Break Fix

By way of apology for not posting on-time: I was laser-focused on tacos and tasty booze-drinks last night. It’s summer, tacos are awesome, booze-drinks are awesome…and I just plain spaced. Anyhow, I have a bit of a sticky wicket I’d like to share. Fair warning: we haven’t managed to unstick this particular wicket just yet, so to speak, so this may not be the most satisfying of posts. But I think it’s at least interesting.

As a part of K2 we’re working on leveraging Azure Load Balancers (ALBs) for distributing calls from lighthouse-frontend (LHFE) to a service running in Azure named k2-eg. LHFE is exhibiting intermittent timeouts on these calls. We don’t see high latencies on the callee (k2-eg) side, and we’ve vetted out that it has something to do with the ALB by switching back and forth between leveraging the ALB and round-robin DNS (thanks to dns-discovery) to call k2- eg. Let’s take a peek at what that looks like:

The “before” is using dns disco (which I’ll call it from here on out, because it sounds more like a dance-dance party-party than its unabbreviated name) to round-robin requests out to k2-eg. The “after” is pointing at the ALB instead.

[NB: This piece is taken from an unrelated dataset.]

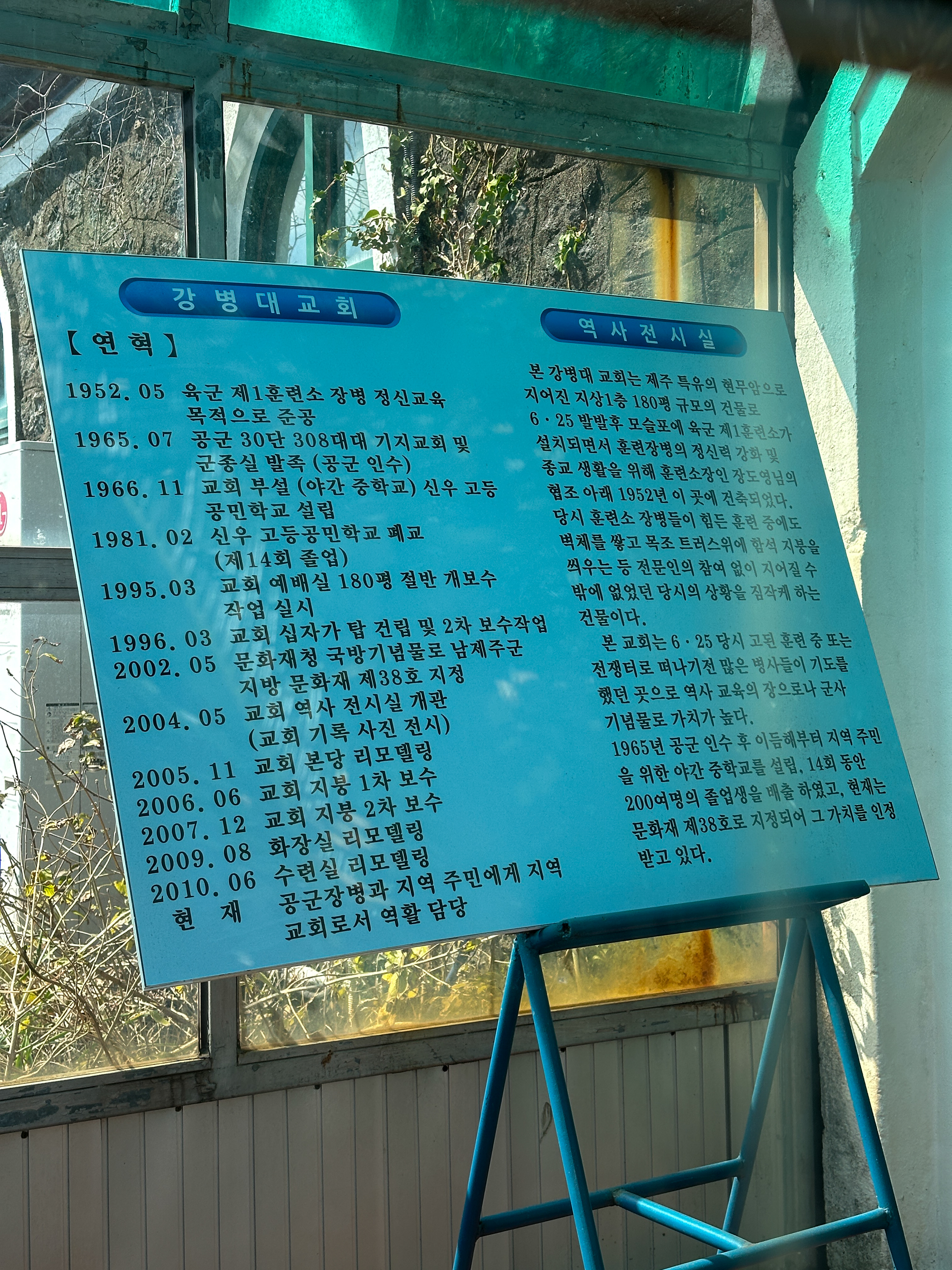 이 건물은 한국전쟁 당시 모슬포에 육군 제1훈련소가 정식으로 설치되면서 훈련 장병들의 정신력을 강화하기 위해 훈련소장인 장도영 장군의 지시로 건립된 교회다.

…and after reverting the change:

Hrm. So, the shortened timeline of this latter inGraph has probably made it a little more apparent: when I say “intermittent” I’m talking really intermittent (when looking at an individual node). The timeouts happen something on the order of once or twice an hour per instance. This makes it super-tricky to get data about why the timeouts are happening, because they’re not reproducible in any kind of a reasonable timeframe.

As a hilarious aside: at one time they were reproducible in a reasonable timeframe (under a minute). I wrote a little script to reproduce:

#!/usr/bin/env python

import time import requests

URL=‘https://zwus2-k2applb-prod.azure.linkedin.com:5452/k2-eg/admin'

good_count=0 bad_count=0

while True: try: r = requests.get(URL, verify=False, timeout=10) good_count = good_count+1 print(’[{}] {} {} (good count: {}, bad count: {})’.format(time.strftime(’%x %X’), r.status_code, r.text. strip(), good_count, bad_count)) except: bad_count = bad_count+1 print(’[{}] {} (good count: {}, bad count: {})’.format(time.strftime(’%x %X’), ‘ERROR’, good_count, bad_count)) time.sleep(1)

Once Upon a Time this script would result in a timeout within 10-15 iterations of the main loop. Just today I ran it for 2 hours without a timeout occurring. So what changed? Well, we engaged someone from the MSFT side. Once we had someone actively engaged and looking at the problem my script stopped reliably reproducing the issue. Fucking classic.

What’s the takeaway here? Well, here’s the thing that I think is super-interesting: sometimes in order to fix it you actually have to leave it broken. We can’t just deploy it on one node, or even a small handful of nodes; the time between failures is just too long to gain any meaningful signal without having a large enough footprint. We also have the advantage of this not being member-impacting - at present this particular feature is only ramped for shadow reads - but I’ve also been in situations where there member impact, and in the name of diagnosing & fixing the problem on any kind of reasonable timeline the only is way is to leave it broken temporarily.

Now, to set your mind at ease that I’m not leaving your site fucked up over the weekend: we’ve found another way to gain signal here. Another service that is also leveraging the ALB is exhibiting similar timeouts. This particular service happens to handle these timeouts in a way that is more graceful, doesn’t break shadow reads, and doesn’t trigger alerts.

Happy Friday and Happy inDay, folks!